And when the paparazzi photos started to leak, our nerdy heads started to get the vapers. We took a step back from the questionable information previously leaked, like revealing the Joker’s real identity was Arthur Fleck, a name which sounds more fitting for the duck in those Aflac commercials. All collective geeks usually agree, “The Joker doesn’t have a name! That’s what makes him awesome/mysterious/cool!”

I was hoping people would just address him as “hey buddy” and “you da man” throughout the whole movie so we never know what his name is, but whatever. Then the first images appeared where Joaquin looked like a hobo that just found $20 in the gutter and loaded up his bag at the Dollar Tree.

“I got Cocoa Peanut Butter Spheres!”

But damn if that doesn’t look like Joker on his day off. Even in his everyday-man garb, Phoenix is killing it. Then Phillips dropped the test(?) footage of Arthur transforming into The Clown, a subspecies of The Joker.
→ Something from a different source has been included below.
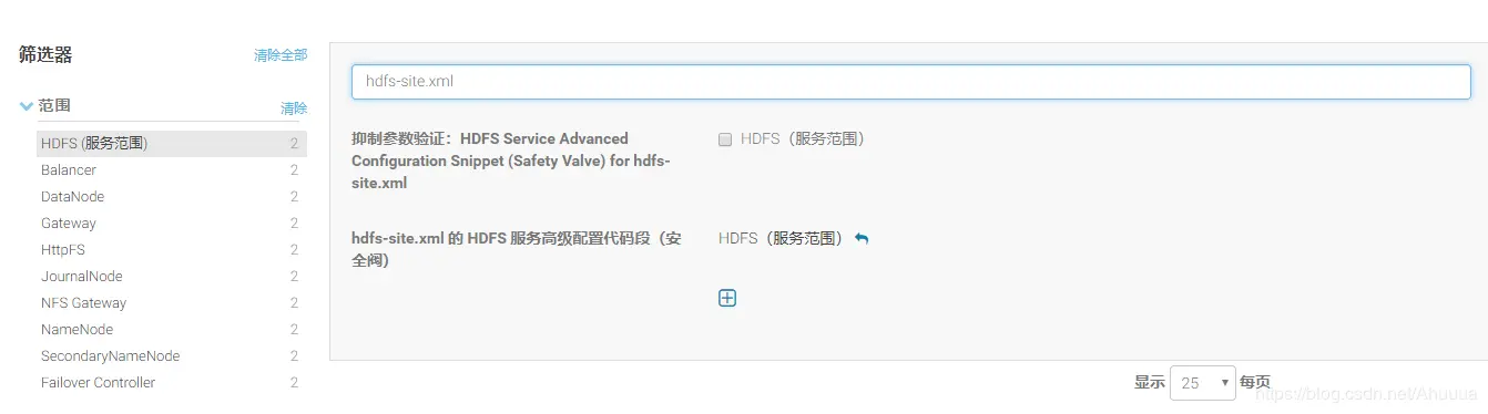 1、找到hdfs-site.xml 的 HDFS 服务高级配置代码段(安全阀)
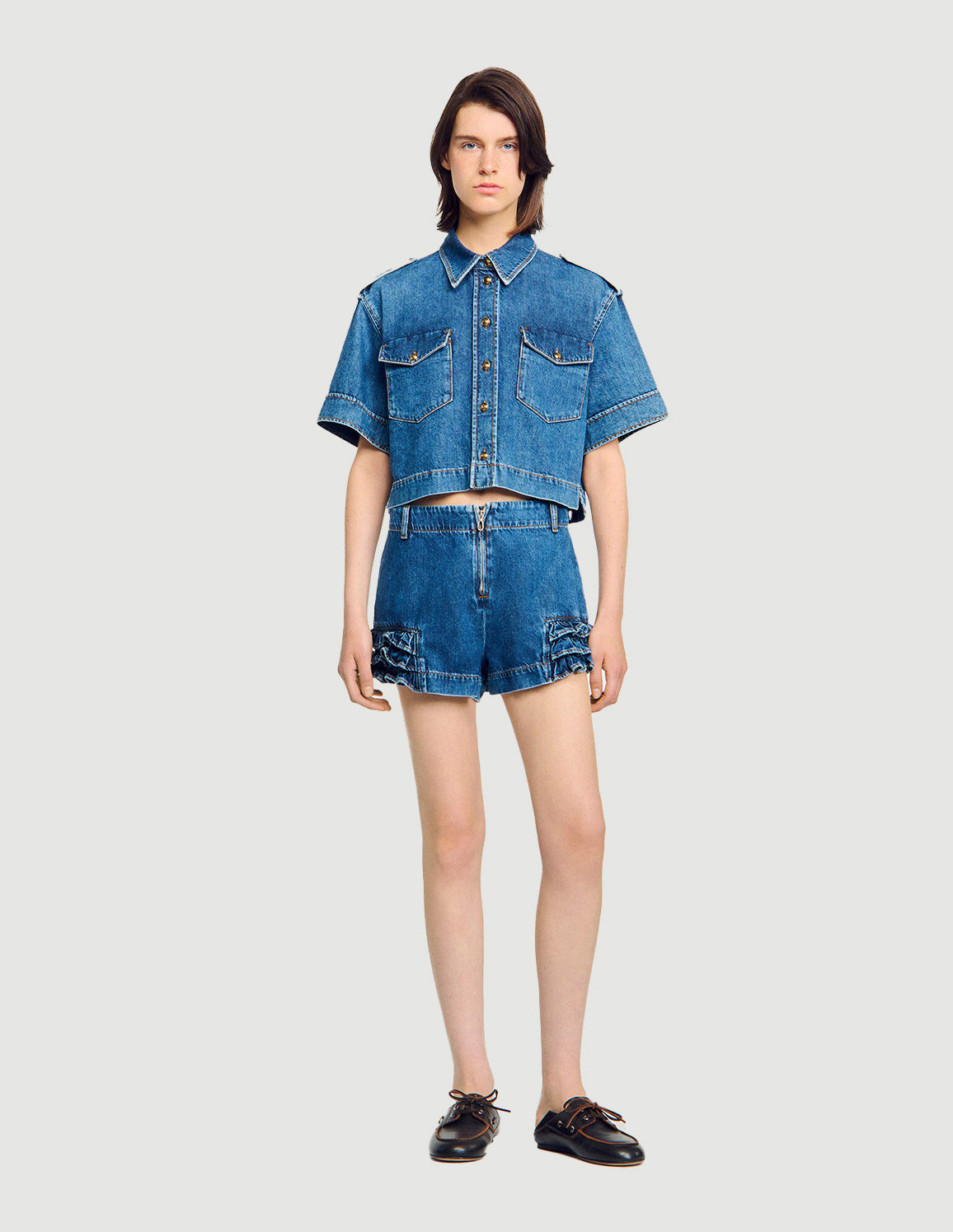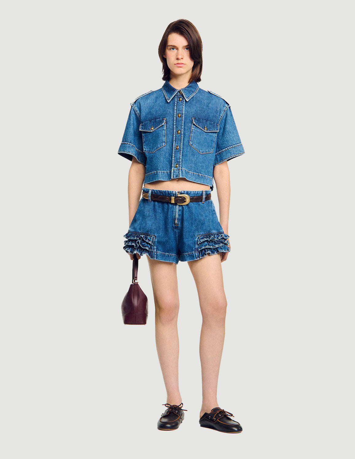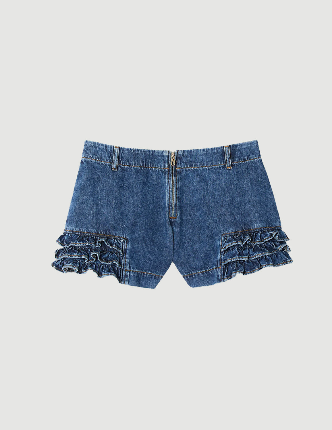• Flared denim shorts with ruffles and contrasting topstitching, featuring belt loops and a front zip fastening.

Crow’s Feet: The secret to a great Joker

Then the images and video just exploded from there. We got to see subway shenanigans by a now almost fully evolved (maybe?) Joker and all the crazy maniacal expressions we come to expect from Batman’s nemesis. This is real, folks. This movie is looking awesome. And if Venom turns out great, we know stand-alone villain movies can work! (REDACTED)

There’s a good chance this one-shot movie will be the best thing WB has made since the Nolan Trilogy. And what do Hollywood studios do these days with a hot property. Extended Universes! We could call it the Detective Comics Extended World (DC-EW). Think about it. How many other characters do we have to choose from? Bagillions, that’s how many. There’s Catwoman, Riddler, Penguin, and Crazy Quilt just to name a few.

With the right actors and directors with a vision, the sky’s the limit. Warner Bros and DC could hire someone to oversee all the movies so they all don’t feel disjointed and all over the place. Eventually it could lead to a team-up of villains in some sort of squad. But we couldn’t have an entire movie about a group of bad guys punching babies like they normally do. There would have to be a noble goal they need to achieve, but resent doing it so they could get back to being bad guys when the threat is over. But at least they could be heroes for just one day.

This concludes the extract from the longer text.